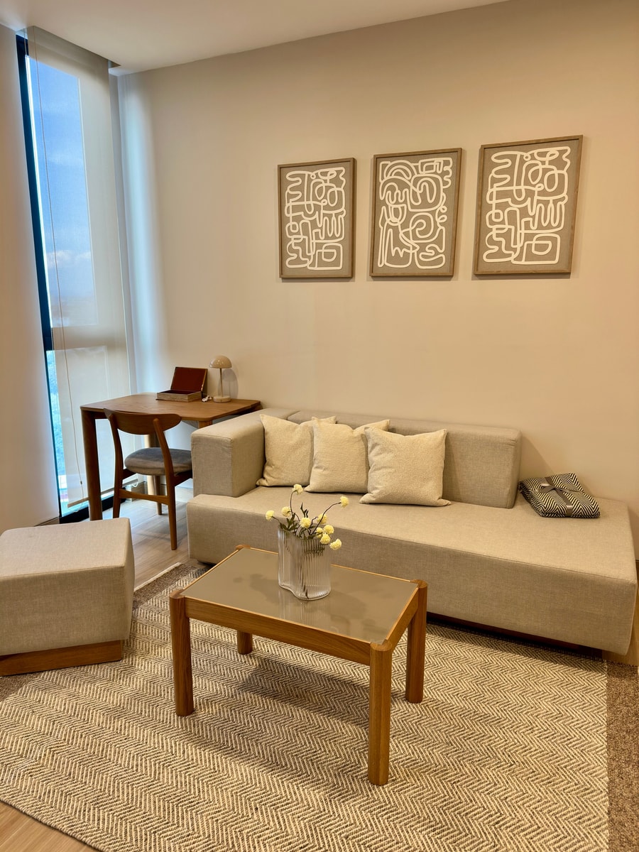 1BR 1BA, cute and comfortable living room with dining table and small kitchen.
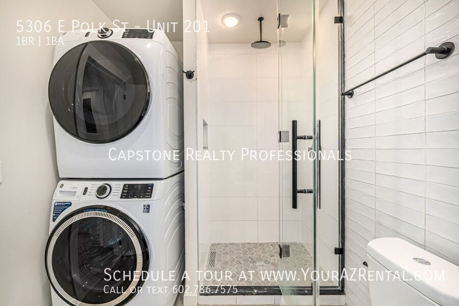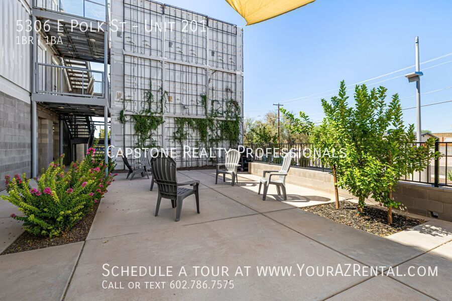 Experience the truly unique charm and modern industrial style of our 1-Bedroom Container Apartment located in the vibrant heart of Phoenix, AZ! This is not just an apartment; it's a testament to sustainable, cutting-edge design, fabricated from repurposed shipping container modules for superior strength and energy efficiency. This newer construction offers an exclusive urban living experience. This apartment is a perfect blend of style and comfort, featuring an open floor plan with eat-in kitchen. The kitchen is equipped with modern stainless steel appliances including a refrigerator, dishwasher, microwave, and stove/oven. Centrally located with quick access to Tempe and Old Town Scottsdale. Experience the convenience and style of living in our Modern Container Apartment near Papago Park and the Loop 202. Why you’ll love it: Trail time at Papago in the morning, city dining by night—without sacrificing style or convenience. -- Water, Sewer, Garbage: $30.00 Monthly Fee: Resident Benefit Package $49.99 Security Deposit: Equal to one months rent Cleaning Deposit: $275.00 Pet Deposit: $200.00 per pet One Time Lease Administrative Fee: $150.00 Stacked Washer/Dryer Wood Flooring
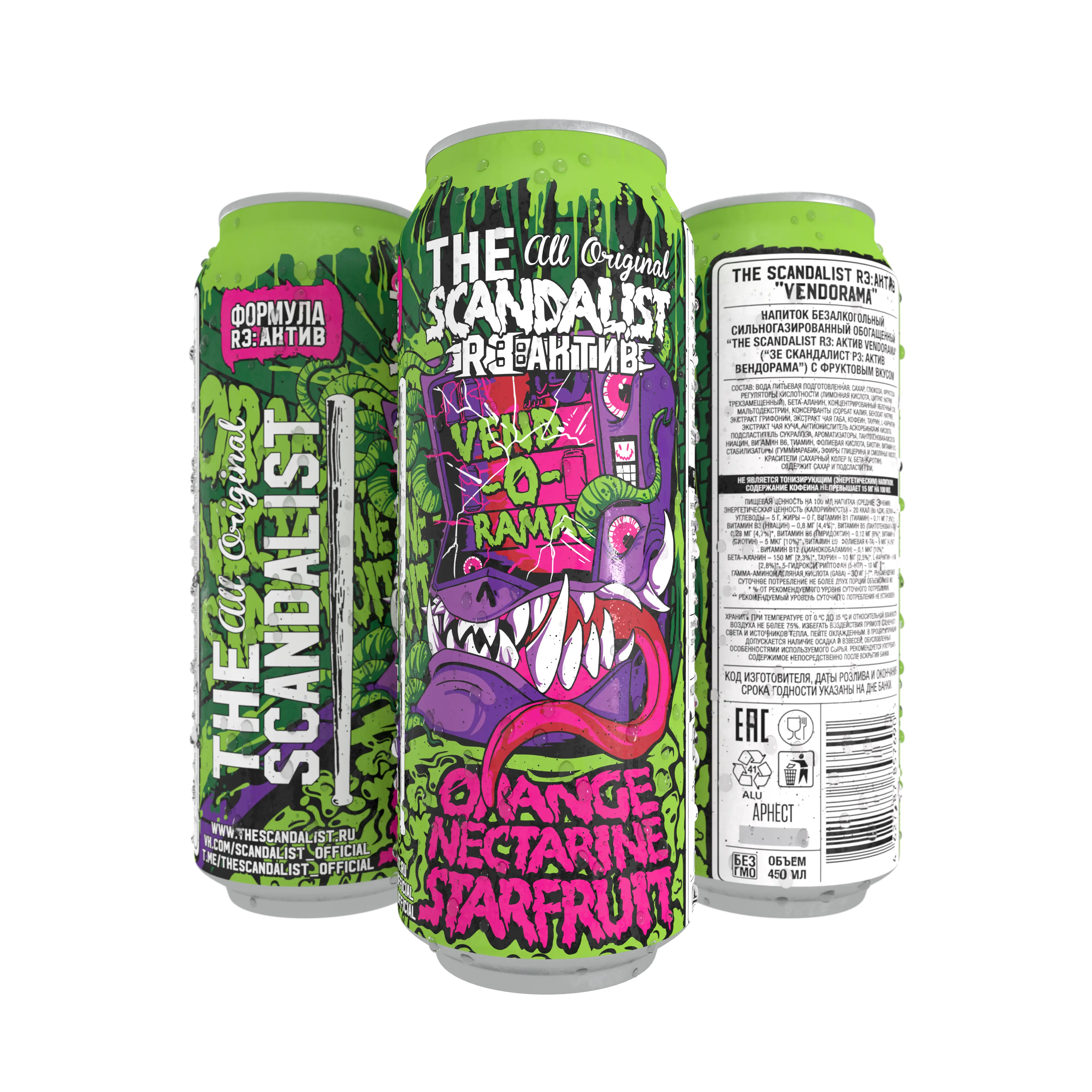 THE SCANDALIST R3: АКТИВ VENDORAMA (“ЗЕ СКАНДАЛИСТ Р3: АКТИВ ВЕНДОРАМА”) НАПИТОК Б/А СИЛЬНОГАЗИРОВАННЫЙ ОБОГАЩЕННЫЙ С ФРУКТОВЫМ ВКУСОМ
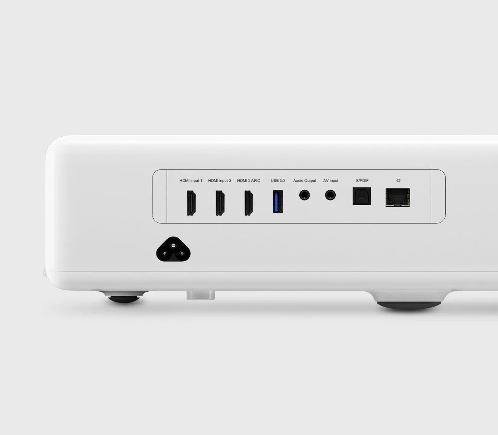| Projection | Display Tech: ALPD3.0 light source Display size: 0.47 inch DMD Contrast: 3000:1 Luminance: 5000 Lumens Native Resolution: 1920x1080 Supported Resolution(Max): 4K Color temperature: standard, cold color, warm color Color gamut: NTSC 80 - 85 percent Brightness uniformity: JBMA more than 80 percent Auto mode: Save power, eye protect Light mode: highlight, movie, normal Throw ratio: 0.233:1 Projection Methods: Ultra Short Projection Distance: 0.05 to 0.5 Meters Projecting Image Size: 80 to 150 Inches |
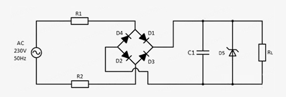 AC-DC電源電阻降壓電路拓撲如上所示,其中電阻R1是降低大部分輸入電源電壓的關鍵元件。現在要做的是計算R1的值以降低電壓,從而在特定電流值下獲得所需的負載兩端電壓。該電路首先通過R1分壓,之后通過橋式整流器將交流電轉換為直流電,然后是電容濾波和齊納穩壓二極管進行穩壓輸出。

▶ _ACTION ITEM_:
Please reproduce each entry exactly as given and omit the pictures.

▶ _SOLUTION_:
 1BR 1BA, cute and comfortable living room with dining table and small kitchen.
 Experience the truly unique charm and modern industrial style of our 1-Bedroom Container Apartment located in the vibrant heart of Phoenix, AZ! This is not just an apartment; it's a testament to sustainable, cutting-edge design, fabricated from repurposed shipping container modules for superior strength and energy efficiency. This newer construction offers an exclusive urban living experience. This apartment is a perfect blend of style and comfort, featuring an open floor plan with eat-in kitchen. The kitchen is equipped with modern stainless steel appliances including a refrigerator, dishwasher, microwave, and stove/oven. Centrally located with quick access to Tempe and Old Town Scottsdale. Experience the convenience and style of living in our Modern Container Apartment near Papago Park and the Loop 202. Why you’ll love it: Trail time at Papago in the morning, city dining by night—without sacrificing style or convenience. -- Water, Sewer, Garbage: $30.00 Monthly Fee: Resident Benefit Package $49.99 Security Deposit: Equal to one months rent Cleaning Deposit: $275.00 Pet Deposit: $200.00 per pet One Time Lease Administrative Fee: $150.00 Stacked Washer/Dryer Wood Flooring
 THE SCANDALIST R3: АКТИВ VENDORAMA (“ЗЕ СКАНДАЛИСТ Р3: АКТИВ ВЕНДОРАМА”) НАПИТОК Б/А СИЛЬНОГАЗИРОВАННЫЙ ОБОГАЩЕННЫЙ С ФРУКТОВЫМ ВКУСОМ
| Projection | Display Tech: ALPD3.0 light source Display size: 0.47 inch DMD Contrast: 3000:1 Luminance: 5000 Lumens Native Resolution: 1920x1080 Supported Resolution(Max): 4K Color temperature: standard, cold color, warm color Color gamut: NTSC 80 - 85 percent Brightness uniformity: JBMA more than 80 percent Auto mode: Save power, eye protect Light mode: highlight, movie, normal Throw ratio: 0.233:1 Projection Methods: Ultra Short Projection Distance: 0.05 to 0.5 Meters Projecting Image Size: 80 to 150 Inches |
 AC-DC電源電阻降壓電路拓撲如上所示,其中電阻R1是降低大部分輸入電源電壓的關鍵元件。現在要做的是計算R1的值以降低電壓,從而在特定電流值下獲得所需的負載兩端電壓。該電路首先通過R1分壓,之后通過橋式整流器將交流電轉換為直流電,然后是電容濾波和齊納穩壓二極管進行穩壓輸出。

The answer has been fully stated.